== Records for the task ==
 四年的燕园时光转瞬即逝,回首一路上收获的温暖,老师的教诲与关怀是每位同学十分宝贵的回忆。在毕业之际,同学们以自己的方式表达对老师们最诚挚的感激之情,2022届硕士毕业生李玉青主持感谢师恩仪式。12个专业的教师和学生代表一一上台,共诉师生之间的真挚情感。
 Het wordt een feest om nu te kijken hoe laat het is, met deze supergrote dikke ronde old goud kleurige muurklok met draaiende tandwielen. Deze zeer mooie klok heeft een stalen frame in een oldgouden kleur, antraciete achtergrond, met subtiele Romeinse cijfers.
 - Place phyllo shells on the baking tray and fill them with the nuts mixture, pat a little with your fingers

...

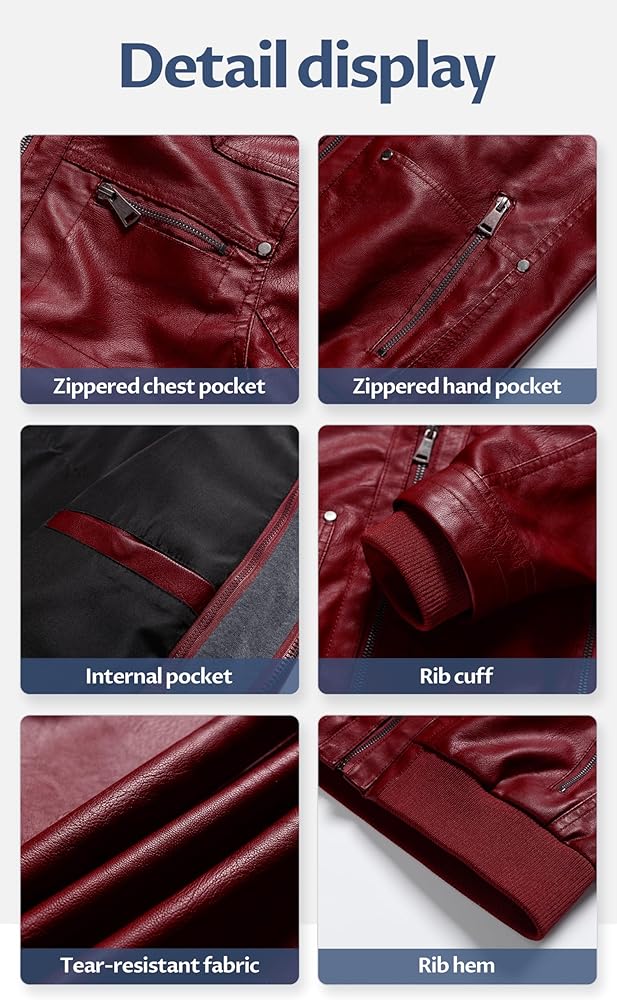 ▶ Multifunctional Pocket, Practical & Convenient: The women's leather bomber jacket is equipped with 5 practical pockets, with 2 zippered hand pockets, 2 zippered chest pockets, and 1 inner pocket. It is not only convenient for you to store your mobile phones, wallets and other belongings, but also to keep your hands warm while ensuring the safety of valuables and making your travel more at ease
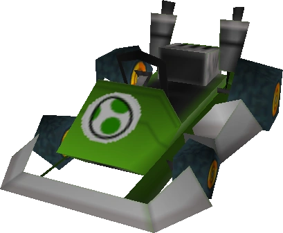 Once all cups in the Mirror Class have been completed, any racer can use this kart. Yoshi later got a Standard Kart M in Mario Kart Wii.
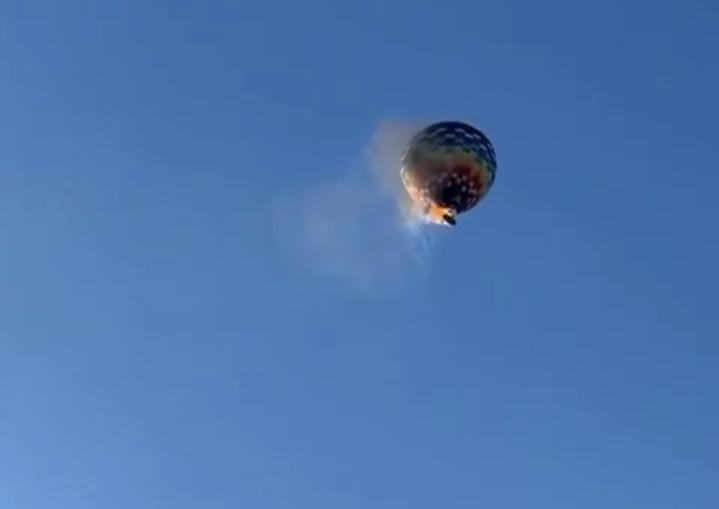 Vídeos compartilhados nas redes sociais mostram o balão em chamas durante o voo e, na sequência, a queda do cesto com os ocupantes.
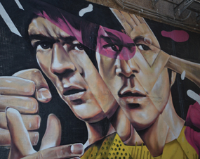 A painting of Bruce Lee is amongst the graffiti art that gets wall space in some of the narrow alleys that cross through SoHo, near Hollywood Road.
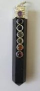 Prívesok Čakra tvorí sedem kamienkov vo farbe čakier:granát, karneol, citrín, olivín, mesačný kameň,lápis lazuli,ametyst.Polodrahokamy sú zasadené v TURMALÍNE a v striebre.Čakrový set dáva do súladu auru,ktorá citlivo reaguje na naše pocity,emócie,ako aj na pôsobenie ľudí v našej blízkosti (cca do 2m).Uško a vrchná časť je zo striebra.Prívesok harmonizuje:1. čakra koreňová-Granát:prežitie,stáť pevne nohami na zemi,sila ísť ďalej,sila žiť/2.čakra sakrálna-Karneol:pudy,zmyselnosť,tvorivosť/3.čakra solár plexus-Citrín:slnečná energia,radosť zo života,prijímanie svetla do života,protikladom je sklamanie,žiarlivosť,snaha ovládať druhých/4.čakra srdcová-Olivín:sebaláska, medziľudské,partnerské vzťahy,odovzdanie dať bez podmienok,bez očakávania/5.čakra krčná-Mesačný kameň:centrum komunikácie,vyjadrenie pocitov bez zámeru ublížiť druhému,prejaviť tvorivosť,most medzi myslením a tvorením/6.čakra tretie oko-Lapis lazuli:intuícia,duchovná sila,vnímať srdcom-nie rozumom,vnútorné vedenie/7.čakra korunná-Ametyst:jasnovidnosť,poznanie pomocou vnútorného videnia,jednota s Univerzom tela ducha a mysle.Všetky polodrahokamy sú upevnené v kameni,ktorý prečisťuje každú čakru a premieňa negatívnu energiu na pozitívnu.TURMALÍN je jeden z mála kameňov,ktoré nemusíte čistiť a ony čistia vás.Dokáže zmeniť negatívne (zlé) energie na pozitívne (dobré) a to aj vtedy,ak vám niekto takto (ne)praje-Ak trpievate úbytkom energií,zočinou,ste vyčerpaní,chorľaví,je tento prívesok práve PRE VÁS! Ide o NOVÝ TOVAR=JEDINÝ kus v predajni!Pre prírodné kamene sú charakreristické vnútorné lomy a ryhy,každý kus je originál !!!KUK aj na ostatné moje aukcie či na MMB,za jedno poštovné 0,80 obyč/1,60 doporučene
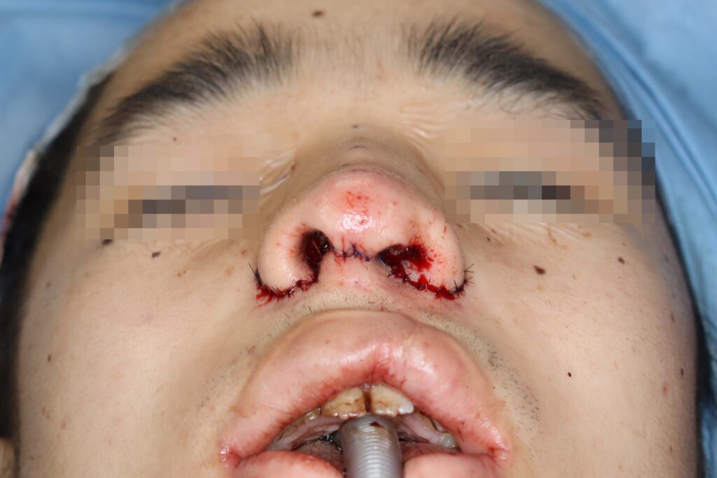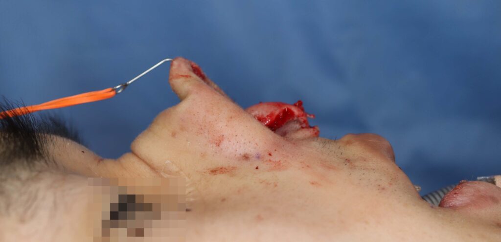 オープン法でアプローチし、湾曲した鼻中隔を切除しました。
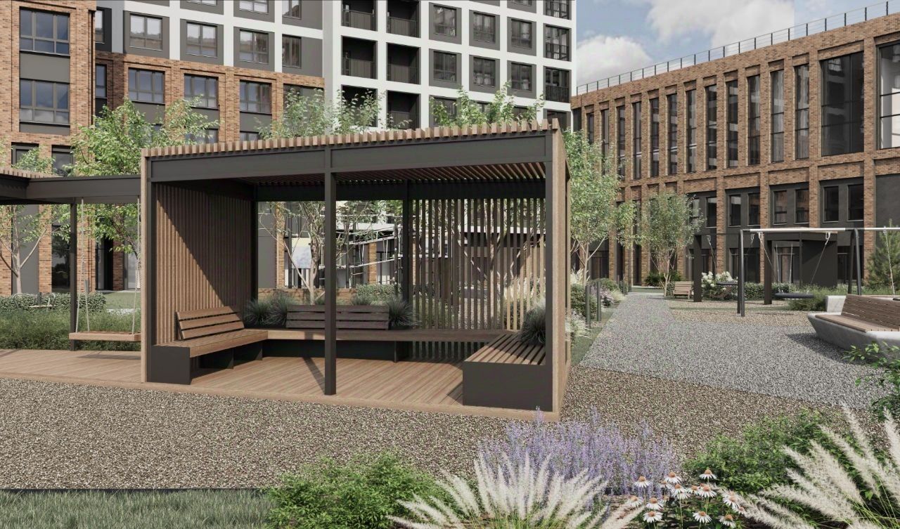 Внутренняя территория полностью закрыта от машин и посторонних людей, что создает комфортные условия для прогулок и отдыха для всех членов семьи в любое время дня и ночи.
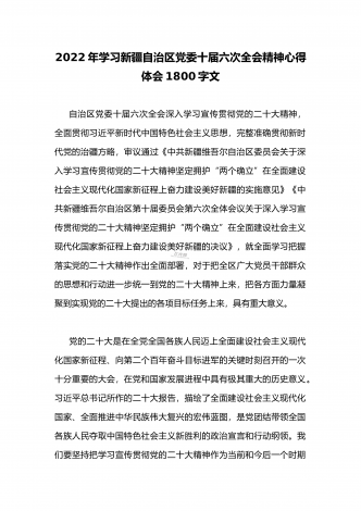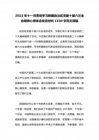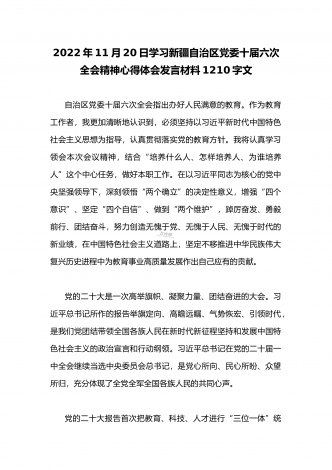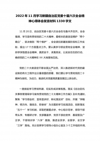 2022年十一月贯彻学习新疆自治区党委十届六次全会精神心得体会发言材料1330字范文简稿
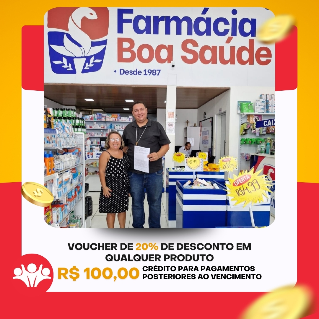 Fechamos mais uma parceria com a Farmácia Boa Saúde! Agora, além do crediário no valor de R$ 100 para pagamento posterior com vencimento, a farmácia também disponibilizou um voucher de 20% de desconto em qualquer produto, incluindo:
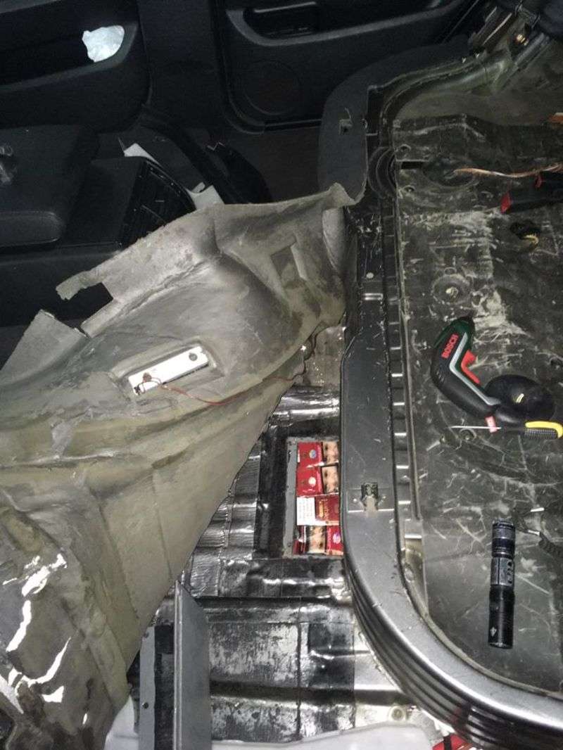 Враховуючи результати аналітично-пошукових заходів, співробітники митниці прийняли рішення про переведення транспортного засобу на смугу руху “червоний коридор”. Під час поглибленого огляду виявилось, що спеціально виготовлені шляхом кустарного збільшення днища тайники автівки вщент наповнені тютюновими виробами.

== Exercise directions ==
Leaving out each picture, repeat exactly the lines above from the one that contains "Внутренняя территория полностью" through the one that contains "Враховуючи результати аналітично-пошукових".

== Result below ==
 Внутренняя территория полностью закрыта от машин и посторонних людей, что создает комфортные условия для прогулок и отдыха для всех членов семьи в любое время дня и ночи.
 2022年十一月贯彻学习新疆自治区党委十届六次全会精神心得体会发言材料1330字范文简稿
 Fechamos mais uma parceria com a Farmácia Boa Saúde! Agora, além do crediário no valor de R$ 100 para pagamento posterior com vencimento, a farmácia também disponibilizou um voucher de 20% de desconto em qualquer produto, incluindo:
 Враховуючи результати аналітично-пошукових заходів, співробітники митниці прийняли рішення про переведення транспортного засобу на смугу руху “червоний коридор”. Під час поглибленого огляду виявилось, що спеціально виготовлені шляхом кустарного збільшення днища тайники автівки вщент наповнені тютюновими виробами.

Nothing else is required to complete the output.